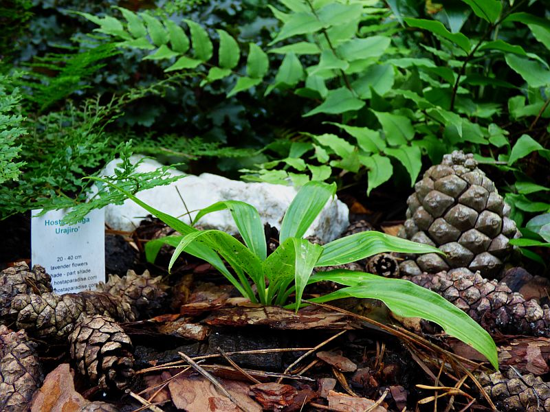 Moja Hyuga Urajiro to też kompletna porażka :mur. Kupiona jesienią 2015 roku w ramach jednych z pierwszych świadomych hostowych zakupów. Chyba po 4 latach była już w zaniku, praktycznie bez korzeni. Włożyłam do wody to co zostało - pojedynczy pęd bez korzeni, co jej się najwyraźniej spodobało, bo wypuściła cały pęczek korzeni i przy okazji kilka kiełków. Było to jesienią. W następnym roku pokazała się ale maleńka, i w kolejnych latach niewiele przyrosła. W tym roku pasłam ją gnojówką z mniszka i z pokrzywy. Na razie wygląda nieco lepiej - dla właściwego zobrazowania jej obecnego rozmiaru obok jest etykieta z Sadzawki.
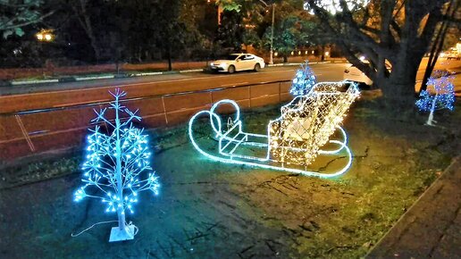 На Курортном проспекте под Новый год стоят сани, а снега нет и рояль под деревом весь в елочных игрушках
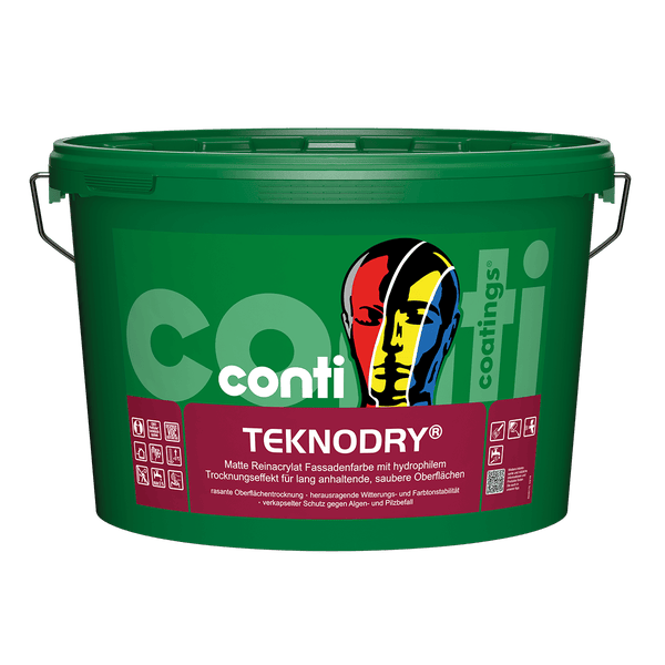 Conti® TeknoDry Reinacrylat-Fassadenfarbe – matte Fassadenfarbe mit hydrophiler Oberfläche, schneller Trocknung & Algenschutz. Für WDVS & Putzfassaden geeignet.
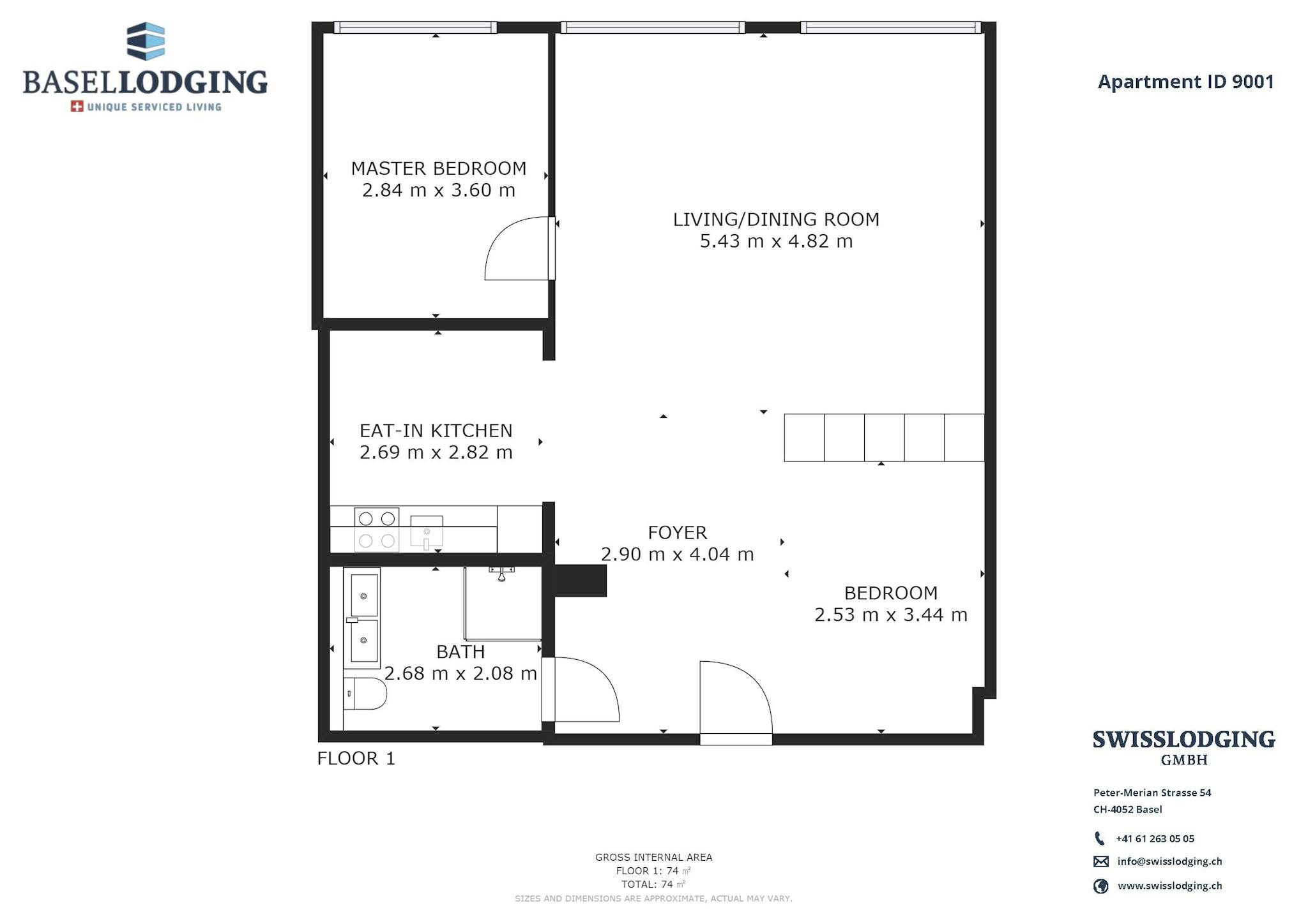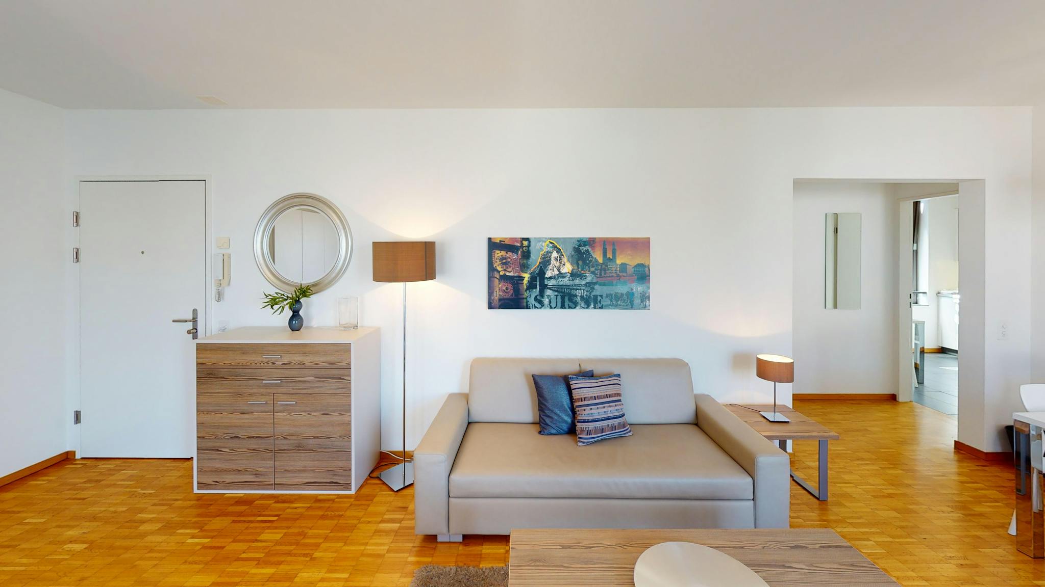 Non-SmokingNot allowedThis spacious and modern 2.5 room is located on the ground floor. The apartment offers a combined living/dining area with open kitchen, a bedroom with double bed and a separate bathroom with shower and toilet. A second sleeping area for guests or children is integrated in the living room and can be separated by a partition wall. Living space 74m2. Direct access to the beautiful Rhine promenade. Housekeeping and linen change on request.
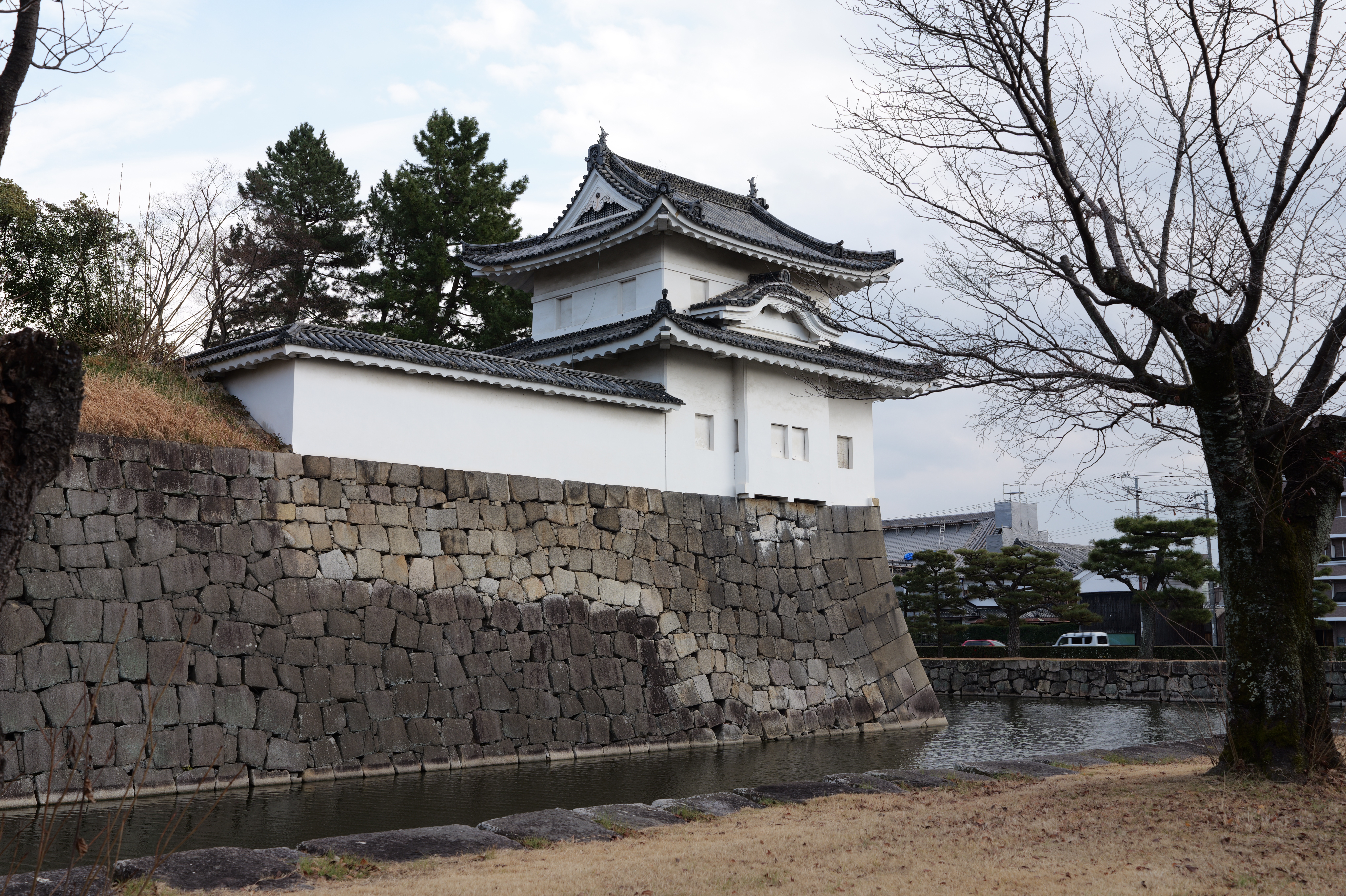 内堀の北西隅に重要文化財の西北土蔵(米蔵)があります。土蔵の西側奥には重要文化財の西門があるのですが、そこまでは立ち入りできず、遠くから眺めるのみです。土蔵を過ぎて内堀沿いに東へ進むと重要文化財の北中仕切門。

▬▬▬

● Problem requirements
Could you set down every entry again exactly as written, leaving out any pictures?

● Exercise response
 Moja Hyuga Urajiro to też kompletna porażka :mur. Kupiona jesienią 2015 roku w ramach jednych z pierwszych świadomych hostowych zakupów. Chyba po 4 latach była już w zaniku, praktycznie bez korzeni. Włożyłam do wody to co zostało - pojedynczy pęd bez korzeni, co jej się najwyraźniej spodobało, bo wypuściła cały pęczek korzeni i przy okazji kilka kiełków. Było to jesienią. W następnym roku pokazała się ale maleńka, i w kolejnych latach niewiele przyrosła. W tym roku pasłam ją gnojówką z mniszka i z pokrzywy. Na razie wygląda nieco lepiej - dla właściwego zobrazowania jej obecnego rozmiaru obok jest etykieta z Sadzawki.
 На Курортном проспекте под Новый год стоят сани, а снега нет и рояль под деревом весь в елочных игрушках
 Conti® TeknoDry Reinacrylat-Fassadenfarbe – matte Fassadenfarbe mit hydrophiler Oberfläche, schneller Trocknung & Algenschutz. Für WDVS & Putzfassaden geeignet.
 Non-SmokingNot allowedThis spacious and modern 2.5 room is located on the ground floor. The apartment offers a combined living/dining area with open kitchen, a bedroom with double bed and a separate bathroom with shower and toilet. A second sleeping area for guests or children is integrated in the living room and can be separated by a partition wall. Living space 74m2. Direct access to the beautiful Rhine promenade. Housekeeping and linen change on request.
 内堀の北西隅に重要文化財の西北土蔵(米蔵)があります。土蔵の西側奥には重要文化財の西門があるのですが、そこまでは立ち入りできず、遠くから眺めるのみです。土蔵を過ぎて内堀沿いに東へ進むと重要文化財の北中仕切門。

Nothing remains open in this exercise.